Strolling tour investigates outside works of Guilford


May 03, 1993|By JACQUES KELLY

Sherwood Gardens was just beginning to fill up with the annual crowd of tulip fanciers when 20 more visitors led by a man with a portable microphone crossed its fescue-rich lawns.

Those other visitors were taking a three-hour walking tour of Guilford, the well-clipped North Baltimore neighborhood renowned for five-figure bills from house painters and tax assessors.

James F. Waesche, Fenchurch Road resident, writer and local historian, led the tour sponsored by the Baltimore Chapter of the American Institute of Architects and the Maryland Institute College of Art.

The tour is one of several that focus on the Baltimore neighborhoods designed by the legendary Olmsted Brothers, landscape architects who conceived the tree-studded and winding streets of Roland Park, Homeland, Guilford and Dundalk.

As those on the tour walked from Chancery Place to Bedford Square and back, they passed numerous houses overrun with gardeners, landscapers, roofers and painters -- the normal Guilford work force needed to maintain these pre-1929 castles.

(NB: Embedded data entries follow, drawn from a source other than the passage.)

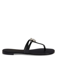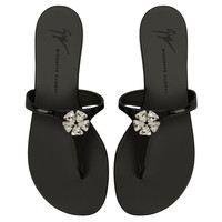 Product Details Flat thong sandals crafted from black patent leather with matching leather soles, embellished with a silver metal accessory with crystal rhinestones. Black patent leather Silver metal hardware with crystal rhinestones 10 mm heel Black leather sole with logo Made in Italy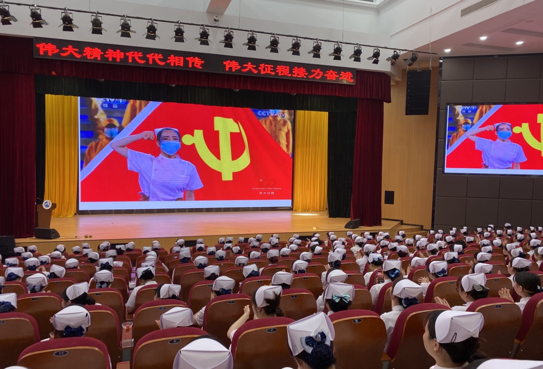 接著,全體畢業(yè)生一同欣賞慶祝中國(guó)共產(chǎn)黨成立100周年文藝演出《偉大征程》情景交響歌舞《人民至上》精彩剪輯。一身白衣,一頂燕尾帽,一句誓詞,今天的傳光授帽,傳承的不僅僅是敬佑生命、救死扶傷、甘于奉獻(xiàn)、大愛(ài)無(wú)疆的南丁格爾精神,更重要的是傳承我們中國(guó)護(hù)理人在中國(guó)共產(chǎn)黨的領(lǐng)導(dǎo)下,投身偉大戰(zhàn)疫實(shí)踐中所形成的人民至上、生命至上、舍生忘死、不負(fù)重托的精神理念。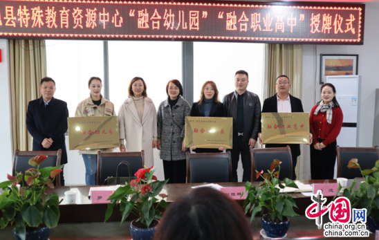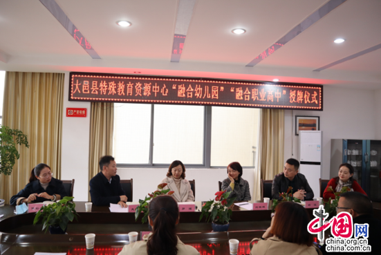 中国网11月12日讯(宋得恩)随着新时期“办好特殊教育”的时代要求和特殊教育二期提升计划的实施,全面推进融合教育、特殊教育向两头延伸乃至构建特殊教育终身服务体系被提上议事日程。因此,在学前和高中设立接纳残疾学生的“融合学校”,开展学前和高中阶段融合教育是发展特殊教育的当务之急。11月11日,成都市大邑县特殊教育“融合学校”授牌仪式在大邑县职业高级中学举行。四川师范大学教授刘胜林、成都市特殊教育资源中心副主任先照勇受邀到会指导。大邑县教育局机关党委书记、资源中心主任罗瑾,教育科科长杨波参会。县职业高级中学、邑新幼儿园、安仁镇幼儿园负责人以及县特殊教育资源中心巡回指导教师等参会,会议由县特殊学校校长刘莎主持。

"I used to worry about functional obsolescence, that these large houses would become just too big for their own good," said Waesche, standing at the corner of St. Paul Street and St. Martin's Road. "But they haven't. People are installing children's suites, home computer offices and health-workout rooms. Butlers' pantries are being done away with to enlarge kitchens because everybody wants to be a haute-cuisine chef.

"My worries have been put aside," Waesche added, as he pointed to a street of impeccable homes.

Many a real estate salesperson has genuflected in deep reverence of the affluent Guilford community, where stately $300,000 homes are the norm. This very grand neighborhood of slate roofs, butlers' pantries, chauffeurs' apartments, servants' call bells, limestone entrances, and oak parquet floors is also a tour-de-force of mature landscaping and never dull suburban planning.

Waesche took pains to explain how the Olmsted Brothers -- as powerful consultants to the local Roland Park Co. -- dictated an economic pecking order.

The largest lots facing Guilford's largest thoroughfares -- St. Paul Street and Greenway -- were the most costly. The smaller lots were for smaller homes and price tags, and were situated far from the grand streets.

Waesche led the group to Norwood Court, Bretton Place and Chancery Square, gracious pre-World War I housing courts where designers sought to provide more moderately priced housing -- but hardly low cost -- without sacrificing their almighty aesthetic principles.

It was on Chancery Square -- one of these overlooked but very gracious corners of Guilford -- that the first houses rose from what had been a meadow. It was on May 19, 1913, that the public was invited to inspect the results of two years' worth of road construction, sewer work and landscaping. Most of the 336-acre neighborhood would be completed within 25 years.

This was not so much a pilgrimage through beautiful homes -- in fact, none was visited -- but an event to explain Guilford's landscaping and infrastructure.

The Olmsteds occasionally buried streams -- Sumwalk Run -- in a sewer.

They placed an electric streetcar line on St. Paul Street.

They tucked private parks behind certain homes because Guilford has few back alleys.

Sidewalks had a slightly pebbly surface to aid pedestrian traction.

And every property owner was encouraged to garden.

So much so that Sherwood Gardens -- Stratford Road and Greenway -- remains Guilford's best known public space. Ironically, its emerald lawns and tulip and azalea beds were not expressly conceived by the Olmsteds or the Roland Park Co.

The slight natural depression at Stratford Road and Greenway was once a marshy area and shallow lake. Guilford's creators planned a small community park here, and perhaps a casino pavilion.

But enter John W. Sherwood, the oil burner and gas station magnate. He built his showplace Highfield Road home and bought the adjoining lots.

He created a private greensward that today bears his name. It is maintained by the community association, and has become Baltimore's premiere spring garden.